La capilla funeraria olía a lirios ya abrillantador de muebles. Claire llegó vestida de negro, llorando desconsoladamente. Me abrazó con fuerza y me dijo: «Debería haber venido antes».
Quería responder con sinceridad, pero no pude.
Cuando se acercó al ataque, me quedó paralizada. La petición de mamá me oprimía las costillas, pero Claire parecía destrozada, no peligrosa. Me hice a un lado. Apoyó una mano en el borde pulido y susurró algo que solo mamá podía oír.
“Tu madre estaba aterrorizada de que esto sucediera”.
Fue entonces cuando una anciana entró en la capilla.
Dio dos pasos, vio a Claire junto al ataúd y quedó paralizada. Su rostro palideció. Luego se apresuró hacia mí, con un sobre sellado que temblaba tanto en su mano que el papel crujía.
—Tu madre estaba aterrorizada de que esto sucediera —susurró.
Antes de que pudiera preguntarle qué quería decir, me metió el sobre en la mano. Mi nombre estaba escrito en el anverso con la letra irregular de mamá. Lo abrí junto a las flores.
Debajo, mamá había escrito un nombre.
La primera línea decía: “Si Claire viene al funeral, pregúntale qué pasó en el lago Maren antes de que vuelva a estar a mi lado”.

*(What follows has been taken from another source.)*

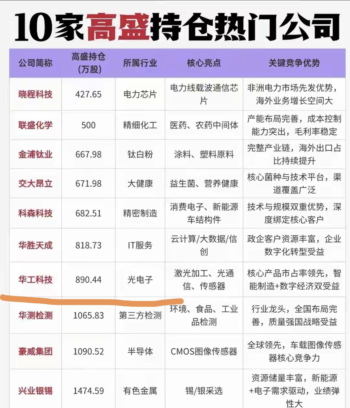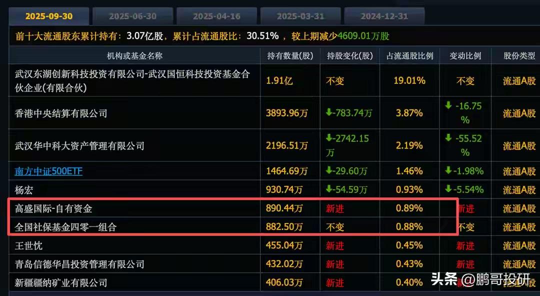 人家早跑了,还激动得看高900多元 华工科技年报出来了,三季度股东名单里持股890万的高盛不见了。参考四季度前十股东名单,排名靠后的仅仅300万多点,可见高盛在三季度减仓数量还是挺大的。 铺天盖地的小作文把890挂在醒目位置,可仔细研究一下,都是过去式。

Debajo, mamá había escrito un nombre: Ruth.
Levante la vista. La anciana seguía mirando fijamente a Claire desde el otro lado de la capilla.
¿Quién eres?”
“Ruth. Trabajé con Evelyn en un restaurante a las afueras de Lake Maren, mucho antes de que ustedes dos lo recuerden”.
Ruth finalmente me miró a la cara.
Sus ojos permanecieron fijos en Claire.